** Opening DATA TO PROCESS block **

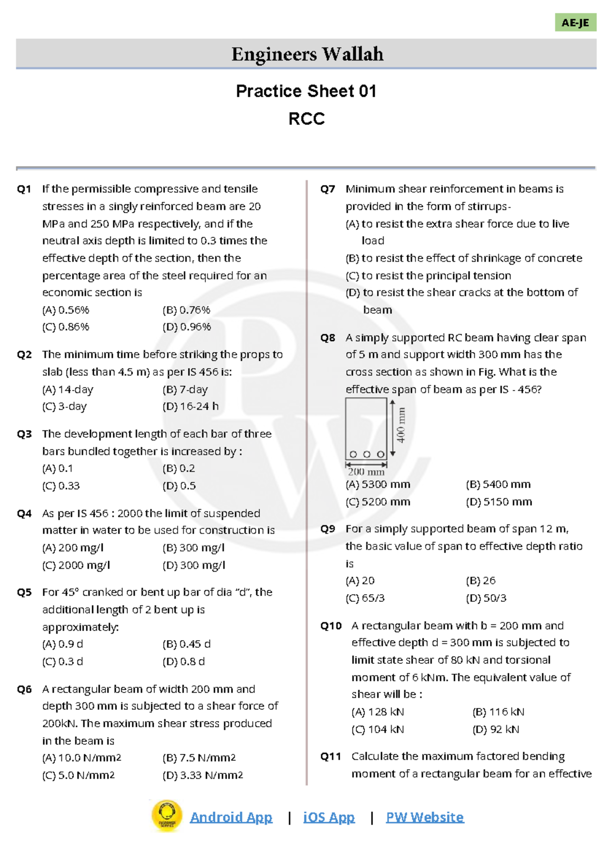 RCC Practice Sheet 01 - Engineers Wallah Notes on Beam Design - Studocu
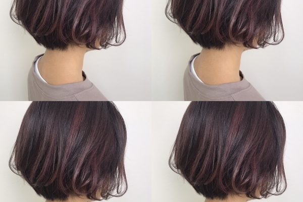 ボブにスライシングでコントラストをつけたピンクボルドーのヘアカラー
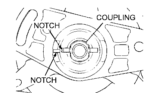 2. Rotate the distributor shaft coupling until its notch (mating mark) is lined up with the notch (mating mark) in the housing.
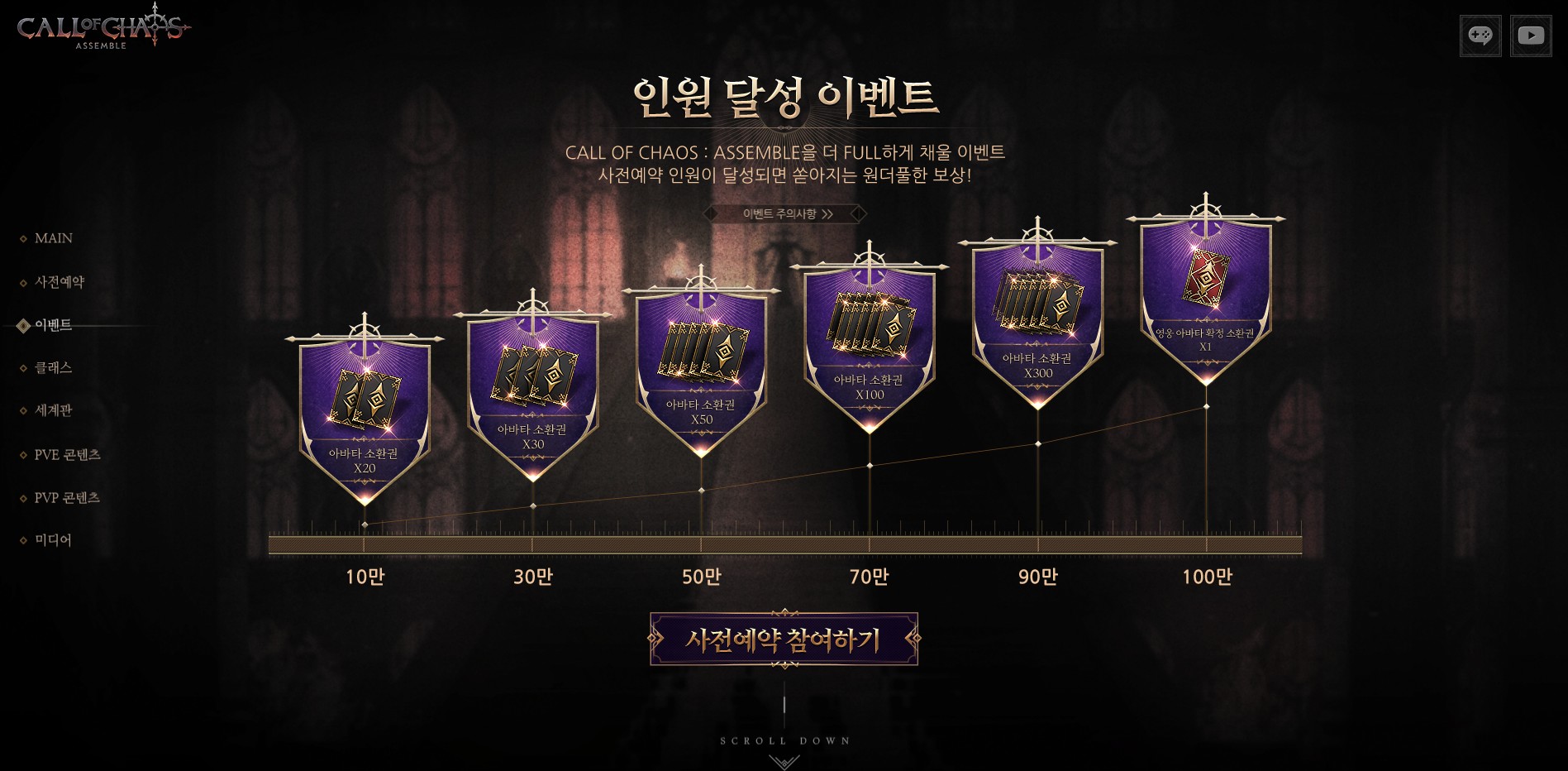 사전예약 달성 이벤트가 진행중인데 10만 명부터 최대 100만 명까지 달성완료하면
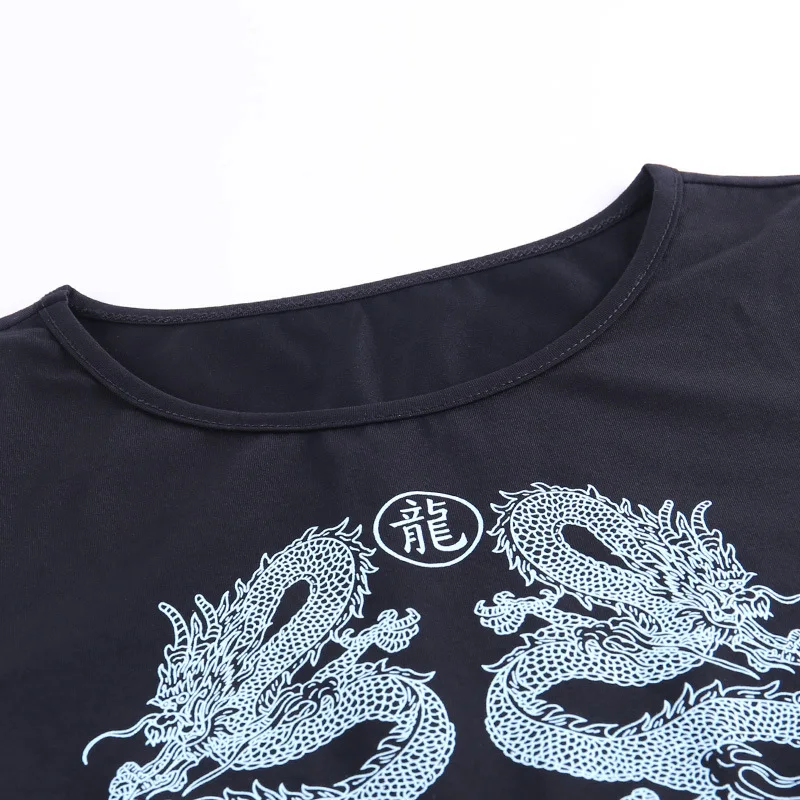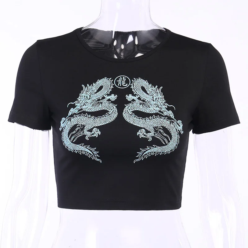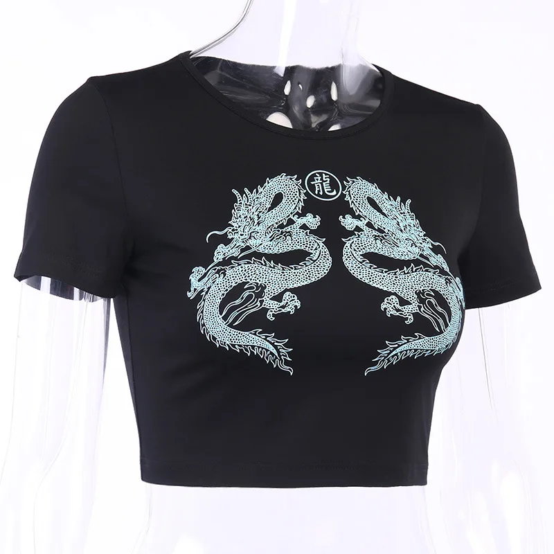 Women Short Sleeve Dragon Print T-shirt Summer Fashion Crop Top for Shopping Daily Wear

** Closing DATA TO PROCESS block **

EXERCISE: No pictures belong in the copy. Return exactly the lines from the line containing "ボブにスライシングでコントラストをつけたピンクボルドーのヘアカラー" through the last line of the listing.

EXPECTED ANSWER:
 ボブにスライシングでコントラストをつけたピンクボルドーのヘアカラー
 2. Rotate the distributor shaft coupling until its notch (mating mark) is lined up with the notch (mating mark) in the housing.
 사전예약 달성 이벤트가 진행중인데 10만 명부터 최대 100만 명까지 달성완료하면
 Women Short Sleeve Dragon Print T-shirt Summer Fashion Crop Top for Shopping Daily Wear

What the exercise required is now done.